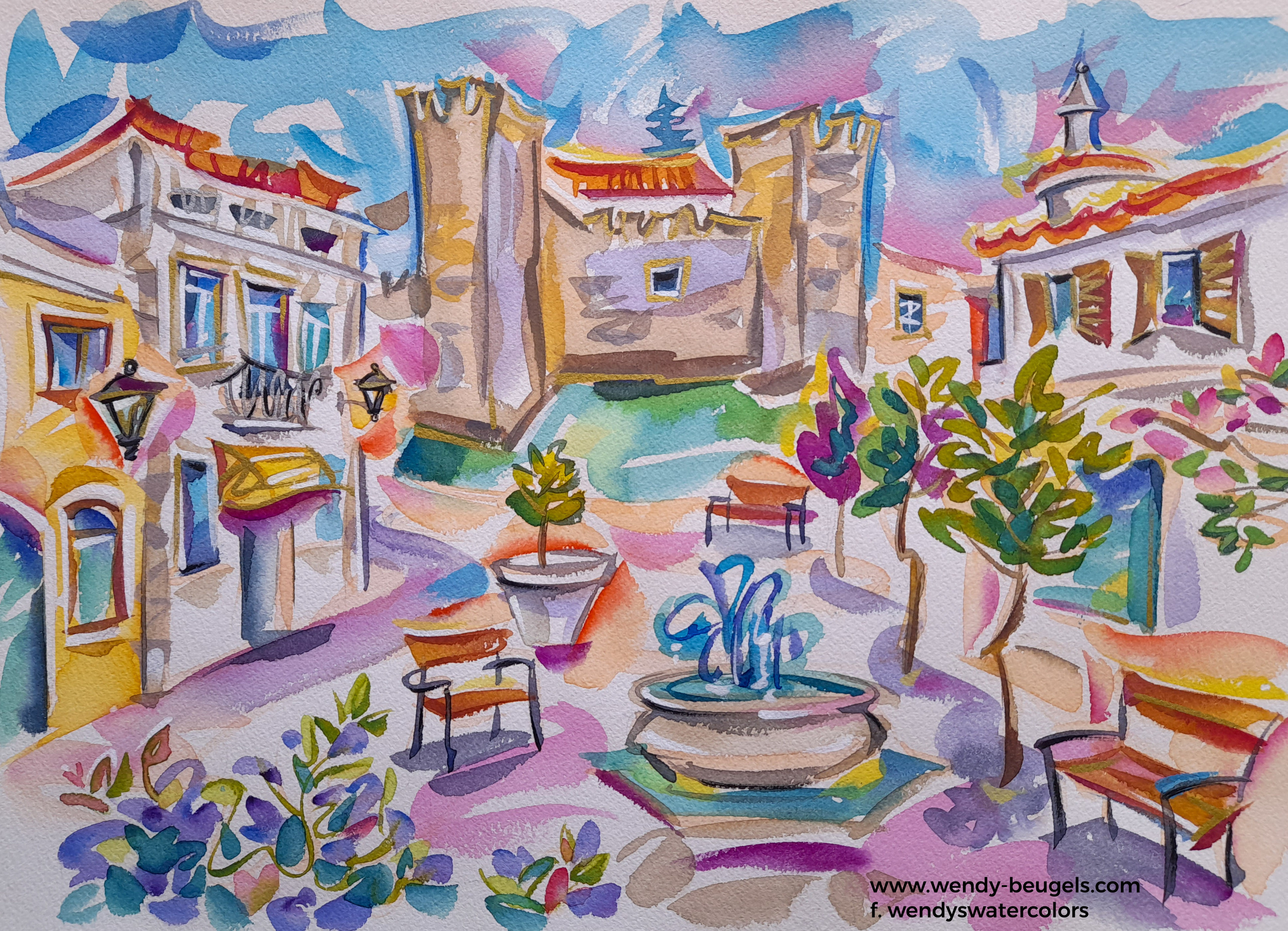Loule Algarve Portugal Castle Sun City Scene Happy Watercolor
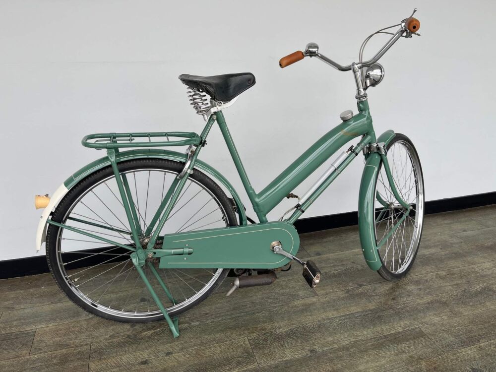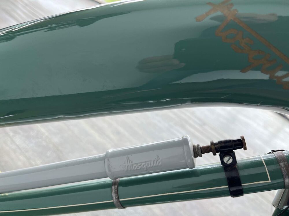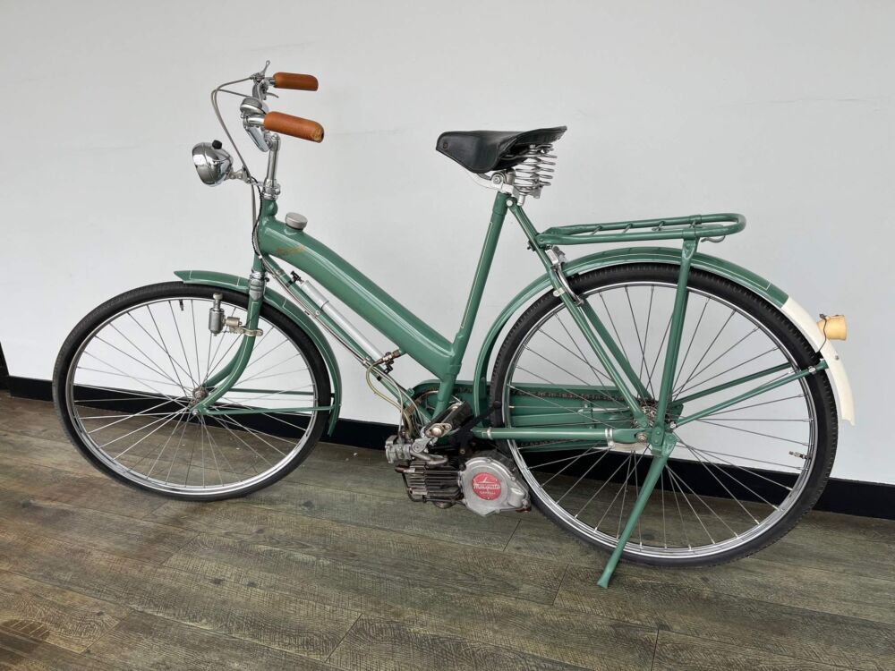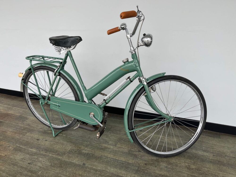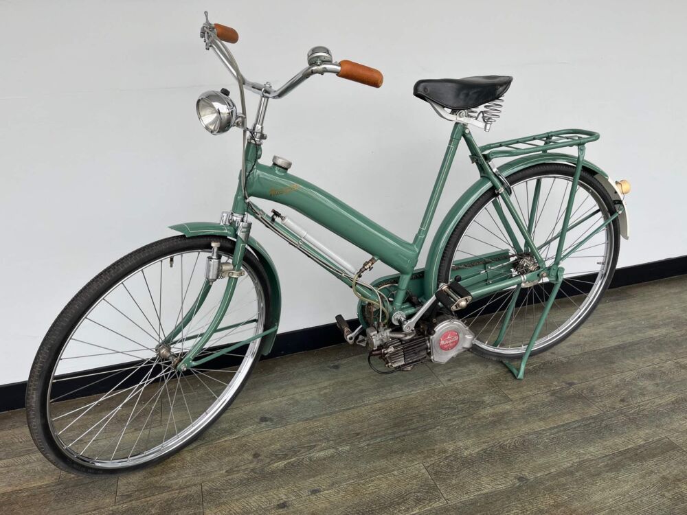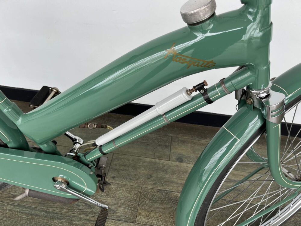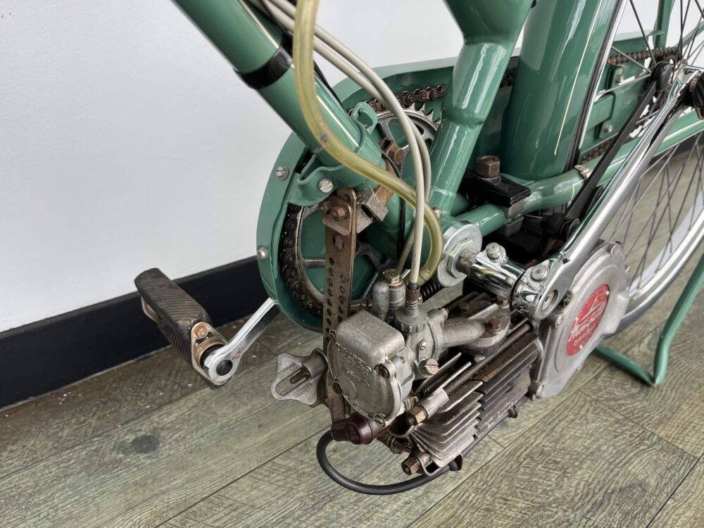 Dit zie je niet zo veel een compleet door Mosquito geleverde bromfiets ,dat maakt deze erg bijzonder, meestal enkel een losse motor met rolaandrijving onder een rijwiel geplaatst. De benzine tank zit erg mooi in het frame verwerkt. Deze Mosquito is perfect gerestaureerd met ook voor detail.
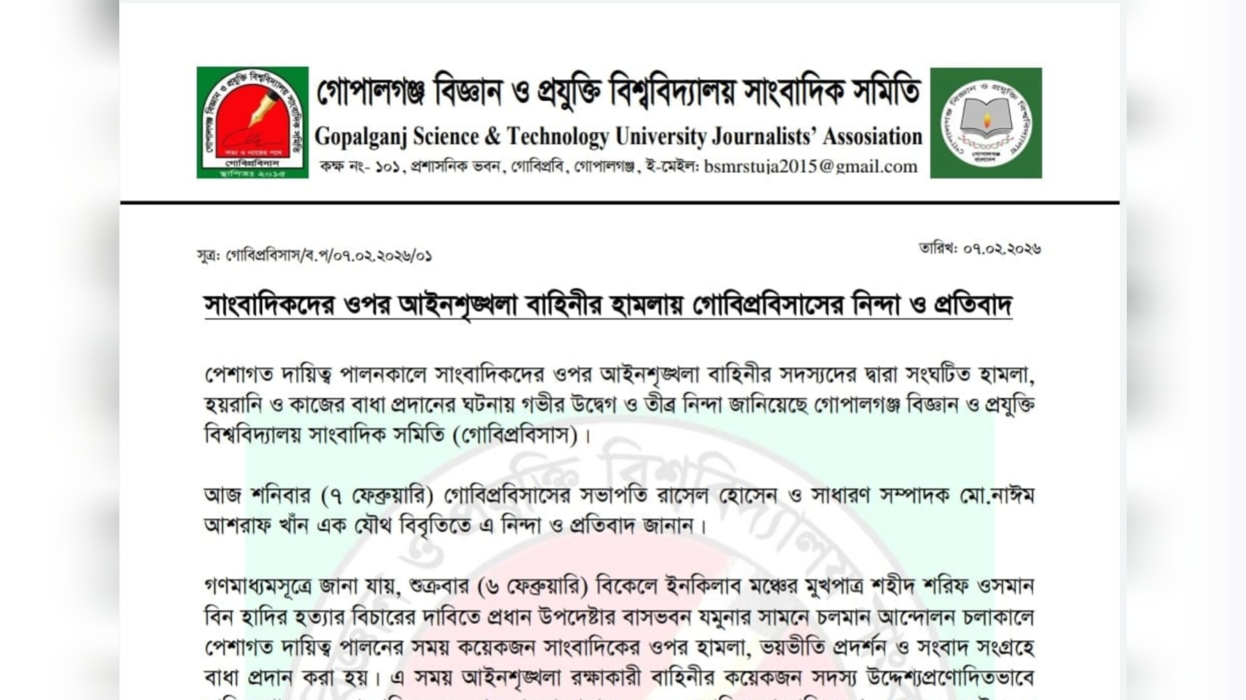বিবৃতিতে আরও বলা হয়, গোবিপ্রবিসাস নেতৃবৃন্দ এই ঘটনার সঙ্গে জড়িত সকল দোষীর দ্রুত সনাক্তকরণ, নিরপেক্ষ তদন্তের মাধ্যমে দৃষ্টান্তমূলক শাস্তির দাবি জানাচ্ছে। একই সঙ্গে ভবিষ্যতে সাংবাদিকদের নিরাপদ ও স্বাধীনভাবে কাজ করার পরিবেশ নিশ্চিত করতে সংশ্লিষ্ট কর্তৃপক্ষের প্রতি জোর দাবি জানানো হচ্ছে।
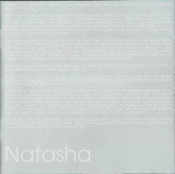 Atomic Kitten: Feels So Good A lemezen lévő változat CD - standard kiadás. Ez a különleges kiadás - Európa a kiadó által Innocent a következőkkel együttműködve Virgin napján jelent meg 2002. Album műfajok között Pop, Elektronikus zene, Ballada, Dance-pop, Disco és Europop.
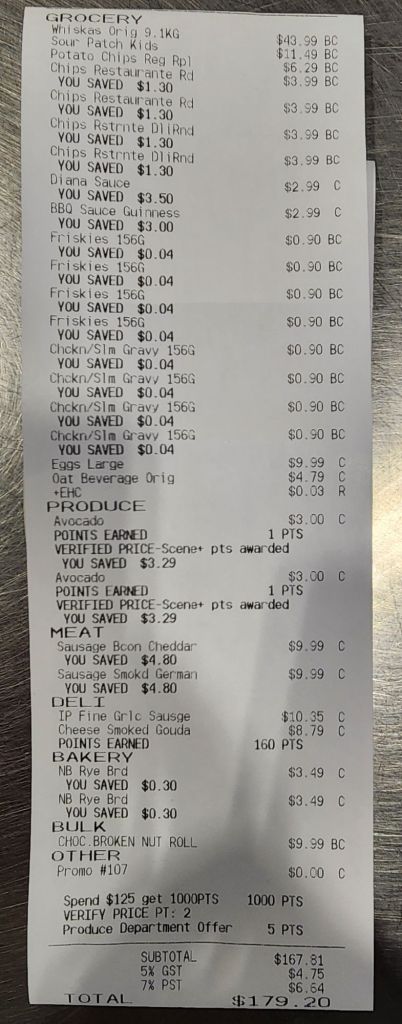 There was a good sale on BBQ sauces, so I got a couple of bottles. Flats of 30 eggs were also on sale, so I got one of those instead of the 18’s I got last time, which were no longer on sale. The girls requested some oat milk.
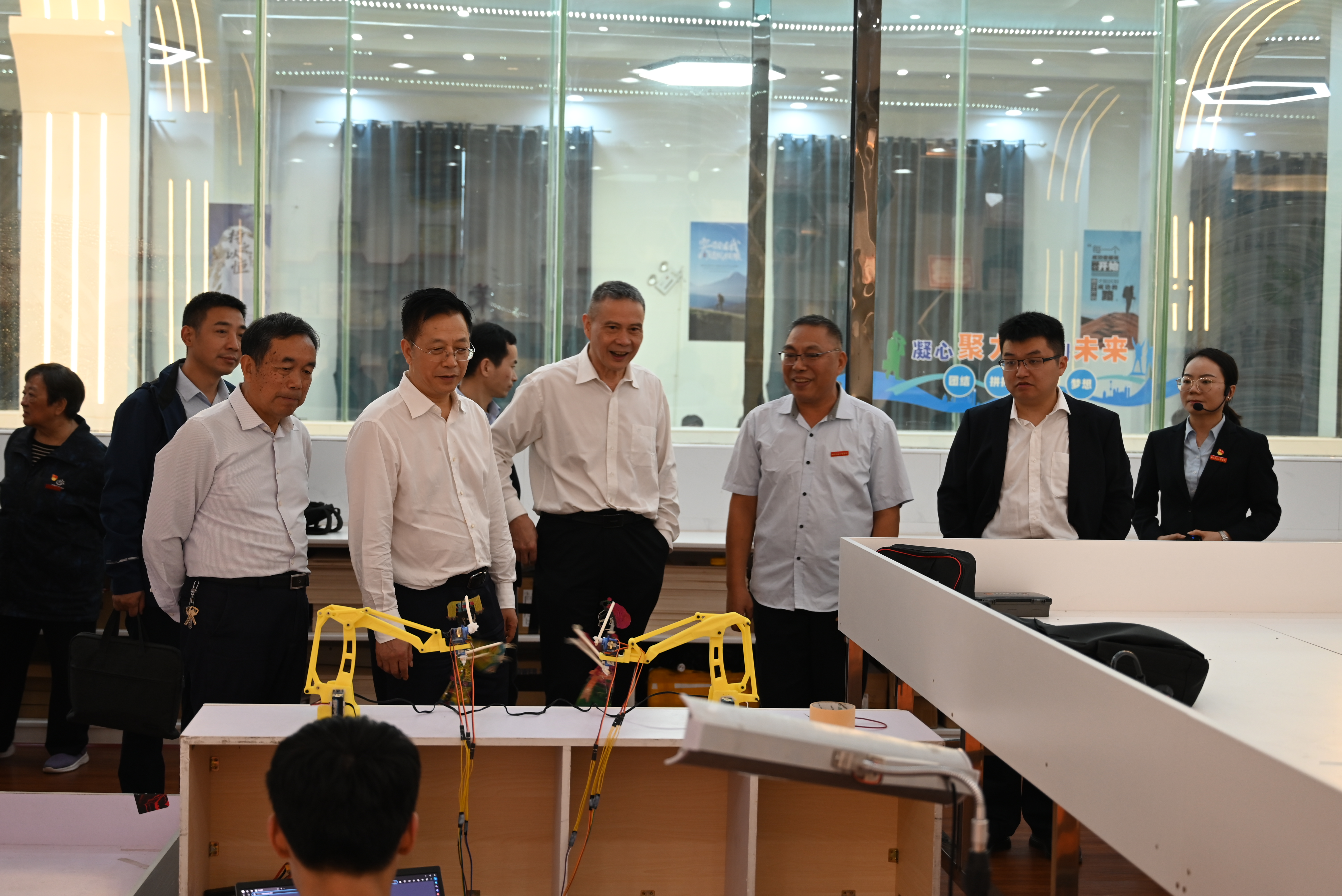 夏智伦一行实地调研工程实践创新中心、北斗应用开发实验室、无人机应用开发实验室、交通大数据实验室、铁道工程与交通运输实训基地、轨道交通综合模拟实训基地、创新创业学院等学生实习实训场所,了解了学校在教育教学、基础条件建设、产教融合、改革发展等方面的进展。
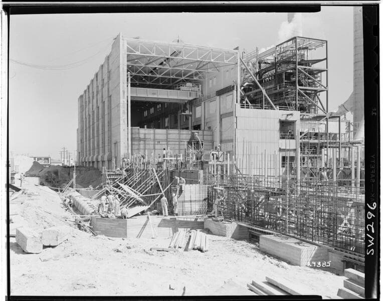 Redondo Beach Steam Station - Plant #1 - Looking southwest over south end of Hermosa Ave. detour west of turbine room wall. Detour required to install circulating water lines in street area.
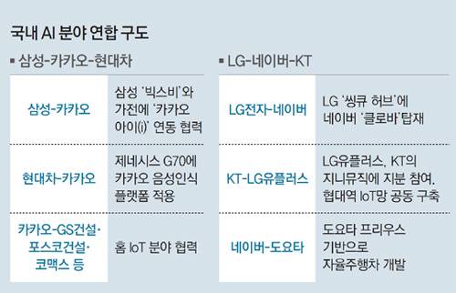 AI 생태계 확장은 엔터테인먼트와 자율주행차 등 다양한 영역으로 옮겨가고 있다. 네이버는 YG엔터테인먼트와 손자회사 YG인베스트먼트에 총 1000억 원을 투자한 후 음악사업 등에서 긴밀하게 협력하고 있다. AI 스피커 ‘누구’를 개발한 SK텔레콤은 SM엔터테인먼트와 자회사 교차 투자를 하며 협력 관계를 이어가고 있다. 네이버는 도요타의 친환경차 프리우스V를 기반으로 한 자율주행차 기술을 개발하고 있고, SK텔레콤은 BMW코리아와 5G(5세대) 네트워크 기반의 커넥티드카를 공동 개발하고 있다.
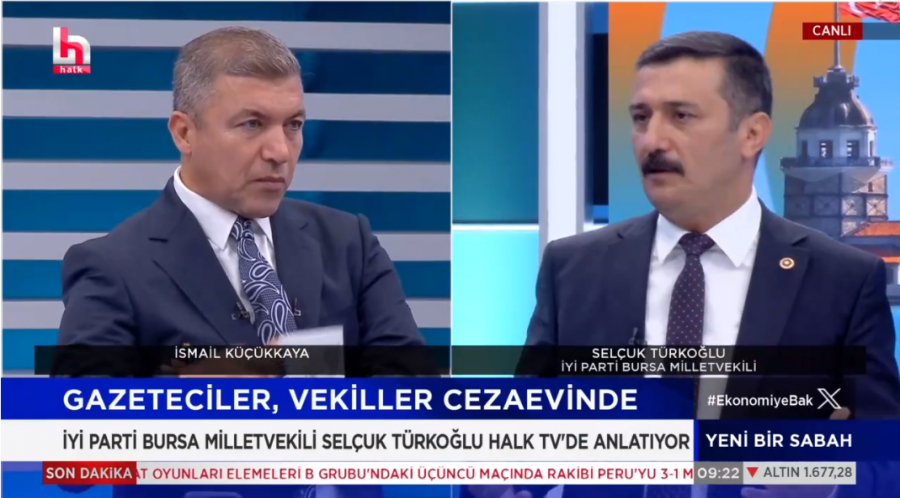 İYİ Parti Bursa Milletvekili Selçuk Türkoğlu, Halk Tv'de İsmail Küçükkaya'nın sunduğu Çalar Saat programında açıklamalarda bulunuyor.

* [EXERCISE GOAL]
Set down all of the entries exactly as they stand, without any image.

* [OUTPUT BELOW]
Loule Algarve Portugal Castle Sun City Scene Happy Watercolor
 Dit zie je niet zo veel een compleet door Mosquito geleverde bromfiets ,dat maakt deze erg bijzonder, meestal enkel een losse motor met rolaandrijving onder een rijwiel geplaatst. De benzine tank zit erg mooi in het frame verwerkt. Deze Mosquito is perfect gerestaureerd met ook voor detail.
বিবৃতিতে আরও বলা হয়, গোবিপ্রবিসাস নেতৃবৃন্দ এই ঘটনার সঙ্গে জড়িত সকল দোষীর দ্রুত সনাক্তকরণ, নিরপেক্ষ তদন্তের মাধ্যমে দৃষ্টান্তমূলক শাস্তির দাবি জানাচ্ছে। একই সঙ্গে ভবিষ্যতে সাংবাদিকদের নিরাপদ ও স্বাধীনভাবে কাজ করার পরিবেশ নিশ্চিত করতে সংশ্লিষ্ট কর্তৃপক্ষের প্রতি জোর দাবি জানানো হচ্ছে।
 Atomic Kitten: Feels So Good A lemezen lévő változat CD - standard kiadás. Ez a különleges kiadás - Európa a kiadó által Innocent a következőkkel együttműködve Virgin napján jelent meg 2002. Album műfajok között Pop, Elektronikus zene, Ballada, Dance-pop, Disco és Europop.
 There was a good sale on BBQ sauces, so I got a couple of bottles. Flats of 30 eggs were also on sale, so I got one of those instead of the 18’s I got last time, which were no longer on sale. The girls requested some oat milk.
 夏智伦一行实地调研工程实践创新中心、北斗应用开发实验室、无人机应用开发实验室、交通大数据实验室、铁道工程与交通运输实训基地、轨道交通综合模拟实训基地、创新创业学院等学生实习实训场所,了解了学校在教育教学、基础条件建设、产教融合、改革发展等方面的进展。
 Redondo Beach Steam Station - Plant #1 - Looking southwest over south end of Hermosa Ave. detour west of turbine room wall. Detour required to install circulating water lines in street area.
 AI 생태계 확장은 엔터테인먼트와 자율주행차 등 다양한 영역으로 옮겨가고 있다. 네이버는 YG엔터테인먼트와 손자회사 YG인베스트먼트에 총 1000억 원을 투자한 후 음악사업 등에서 긴밀하게 협력하고 있다. AI 스피커 ‘누구’를 개발한 SK텔레콤은 SM엔터테인먼트와 자회사 교차 투자를 하며 협력 관계를 이어가고 있다. 네이버는 도요타의 친환경차 프리우스V를 기반으로 한 자율주행차 기술을 개발하고 있고, SK텔레콤은 BMW코리아와 5G(5세대) 네트워크 기반의 커넥티드카를 공동 개발하고 있다.
 İYİ Parti Bursa Milletvekili Selçuk Türkoğlu, Halk Tv'de İsmail Küçükkaya'nın sunduğu Çalar Saat programında açıklamalarda bulunuyor.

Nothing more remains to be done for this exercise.